Он молчал. Янине показалось, что он молчит очень долго, лампа светила всё слабее, темнота наплывала, и казалось, он решил вовсе не удостаивать ее ответа и уже куда-нибудь ушел, растворясь во мраке…
Тишина оглушала. Или это была не тишина, а грохот пульса в висках? От холода она не чувствовала ног, все ощущения растворились во тьме, и она уже не знала, стоит ли она у лестницы крипты или спит в своей постели под балдахином, и всё это ей снится, или, может быть, она уже умерла?
– Года полтора-два, на большее не рассчитывай, – тяжело произнес он.
– Благодарю, – ответила Янина всё тем же чужим, жестким голосом. – Тогда чего ты ждешь?
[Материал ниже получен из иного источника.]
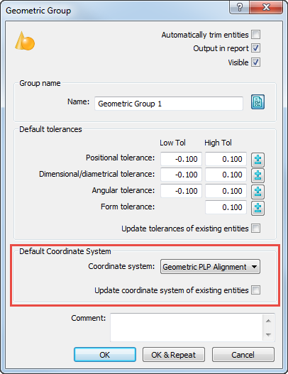 Alternatively, you can specify a default alignment for all items added to a geometric group by opening the group dialog, and selecting an alignment in the Coordinate System list. To apply the selected coordinate system to items already in the group, select the Update coordinate system of existing entities check box.: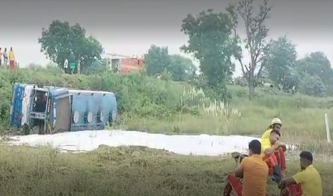 ରାସ୍ତା କଡ଼କୁ ଓଲଟିଲା ଟ୍ୟାଙ୍କର, ଡ୍ରାଇଭର ଗୁରୁତର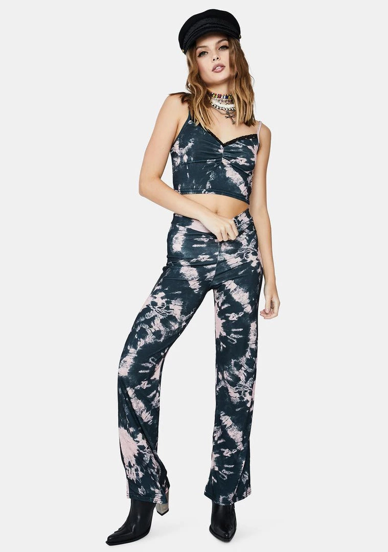 you turn up the heat in these streets. These tie dye patterned pants have a stretchy high waist fit and wide leg.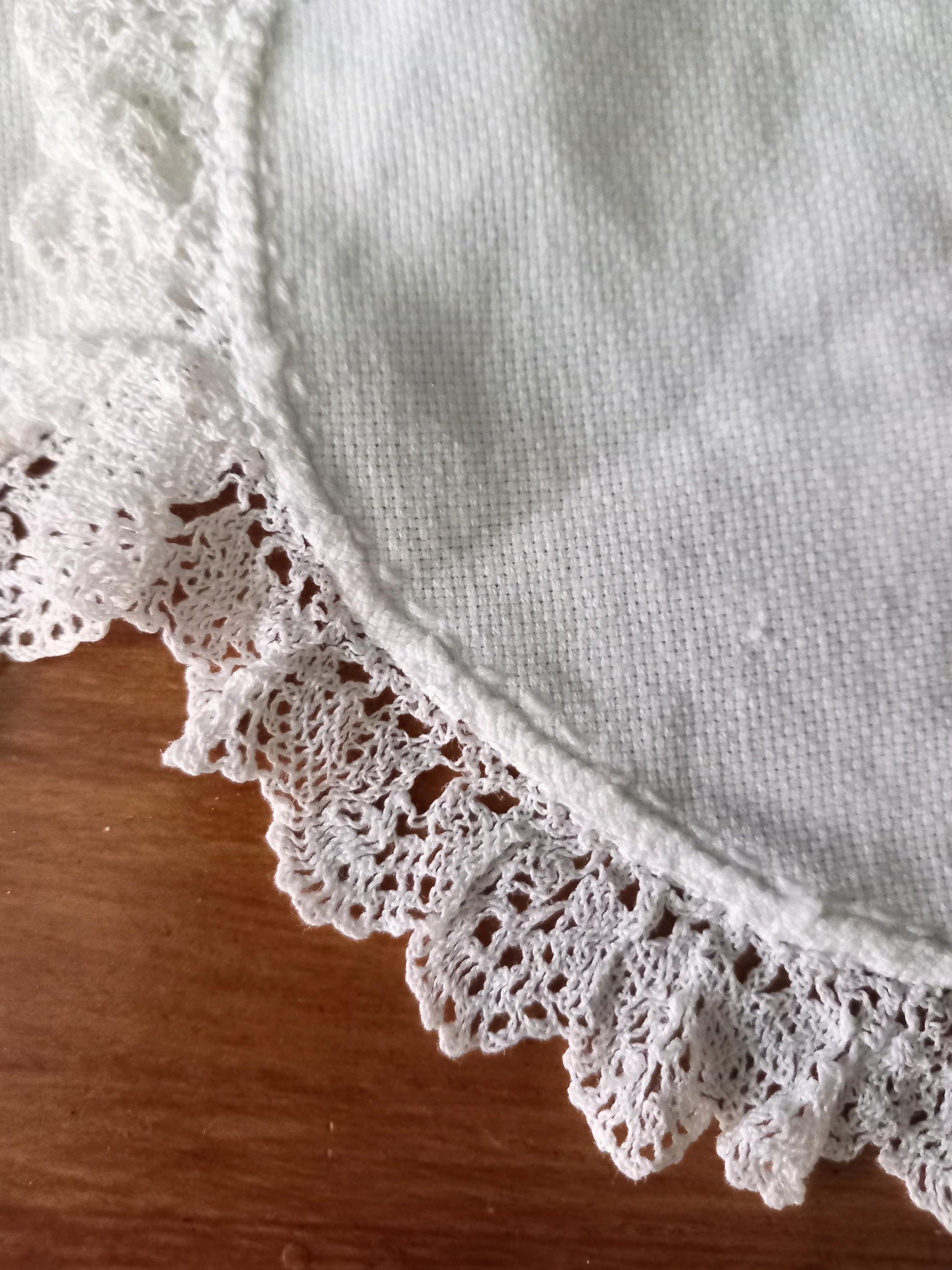 Set of 3 vintage Edwardian white round cotton doilies with hand made lace edge

И, не думая о том, что может налететь в темноте на саркофаг, она быстро пошла вперед, на гаснущий свет, но далеко идти не пришлось: он уже был рядом, его нечеловечески сильная рука обхватила ее плечи, длинные пальцы с треском рвущейся ткани дернули ворот ее платья. Стало абсолютно темно, во мраке было только тяжелое дыхание у самого ее лица – дыхание, в котором не было тепла, – и хриплый сорванный голос:
– Не забывай, дорогая моя, пути назад не будет. Века одиночества.
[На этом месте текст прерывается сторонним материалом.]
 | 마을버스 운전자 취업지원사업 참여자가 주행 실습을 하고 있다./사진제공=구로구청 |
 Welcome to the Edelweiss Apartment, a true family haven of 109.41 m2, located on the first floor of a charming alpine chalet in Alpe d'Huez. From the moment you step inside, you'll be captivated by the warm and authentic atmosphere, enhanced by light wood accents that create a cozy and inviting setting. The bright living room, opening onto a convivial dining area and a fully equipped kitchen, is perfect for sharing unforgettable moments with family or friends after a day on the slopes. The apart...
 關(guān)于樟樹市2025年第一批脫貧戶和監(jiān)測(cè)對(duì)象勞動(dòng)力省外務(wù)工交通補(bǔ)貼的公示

«Но я люблю тебя», – с удивлением подумала она и в следующее мгновение холодные губы нежно коснулись ее кожи, а потом была краткая острая боль.
* * *
Янина тихо проскользнула в номер и с любопытством огляделась. Приятная прохлада встретила ее после теплого сентябрьского вечера снаружи. Сквозняк овевал ее голые плечи над лифом длинного фиолетового платья. По неискоренимой привычке Янина провела рукой по волосам, проверяя, в порядке ли ее высокая прическа, отчего-то чувствуя странное волнение. Перед премьерой она всегда волновалась – не столько из-за возможности финансовых потерь в случае неудачи, сколько из опасений, не совершила ли она ошибку. Но почему у нее трепещет внутри именно сейчас – можно подумать, что от обитающего здесь создания зависит сегодняшний успех? Уже ни от кого ничего не зависит, процесс запущен и ничего нельзя изменить. Или?..
Он лежал на широкой кровати, вытянувшись во всю свою почти двухметровую длину, обнаженный, доверив истерзанное тело искусственной прохладе. Янина не сомневалась, что он спит – сейчас он должен беречь каждую минуту сна.
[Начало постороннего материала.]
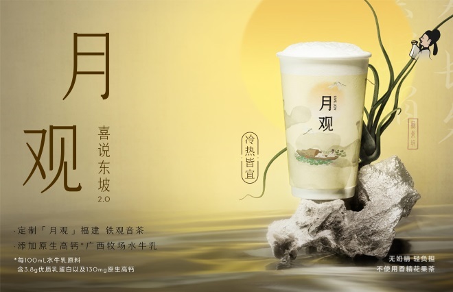 月觀是喜茶在中秋節(jié)前夕,推出的清爽茗奶茶系列新品,上線后迅速登上喜茶門店銷量榜首位置,目前銷量已突破270萬杯。月觀的火熱源自其真品質(zhì)的原料和激發(fā)節(jié)日喜悅的體驗。月觀首次使用產(chǎn)自福建安溪的月觀鐵觀音茶底,融合廣西牧場水牛乳,帶來全新清爽茗茶體驗。同時,喜茶延續(xù)了中式靈感風(fēng)格,結(jié)合蘇東坡名作《水調(diào)歌頭·明月幾時有》,定制打造節(jié)日主題產(chǎn)品包材、周邊、音樂等,為消費者營造別具一格的佳節(jié)氛圍。

Янина немного побаивалась возможной реакции на свой приход, но рассчитывала на общее правило – носферату обычно не ждут опасности со стороны тех, кто связан с ними кровью. Узы крови священны, это главное, и, может быть, на самом деле единственное правило. Она тихо присела на пустую тумбочку у кровати, не отрывая глаз от спящего.
Он лежал прямо, прижав локти к бокам – привык проводить дневное время в саркофаге. Янина, влекомая всегдашней своей любознательностью, при каждом удобном и неудобном случае проводила наблюдения за себе подобными и знала, что молодые вампиры, незнакомые с традицией саркофагов или простых гробов, зачастую напоминали во сне обычных людей – лежали раскинувшись или наоборот свернувшись в клубок, многие дышали во сне, хотя для регенерации и отдыха полезнее всего полный покой и неподвижность. Тело не сразу научалось понимать, что далеко не всякий воздух стоит вдыхать, и что при благоприятных условиях дышать можно со смаком, словно пробуя изысканное блюдо. Это понимание приходило обычно после первой серьезной травмы и нескольких недель, а то и месяцев вынужденной неподвижности.
Дюла Сильвестер и был совершенно неподвижен, любой медик, увидев его, тотчас же констатировал бы смерть. Глаза его были прикрыты, уголки губ, как всегда, приподняты, словно ему снилось что-то хорошее. Обрубленная рука вытянулась вдоль тела, кисть другой руки лежала на груди, поверх сердца – словно во сне он готов был защищать свое самое уязвимое место, и почему-то Янина почувствовала, что от этого зрелища ее собственное сердце споткнулось, дало сбой в мерном перекачивании крови. Или дело было в том, что только теперь, когда ее не злил и не отвлекал насмешливый взгляд его, она осознала, насколько он постарел за эти годы, и гадала теперь, были ли причиной его раны, или – беспощадный к любому существу ход времени. Лежа князь выглядел еще более худым, щеки глубоко запали под выпирающими скулами, как и закрытые глаза в широких глазницах, кости черепа и ребра были все на виду, проступая четким рельефом под кожей, за нижними ребрами был резкий перепад к провалившемуся животу – сплошной массе грубых рубцов. Кожа, словно бы слишком растянутая для костяного каркаса под ней, потеряла упругость и блеск, в шевелюре было заметно больше седины, и совсем белым было пятно курчавых волос на груди, вокруг отверстия с обожженными краями. Вероятно, всё это было поправимо.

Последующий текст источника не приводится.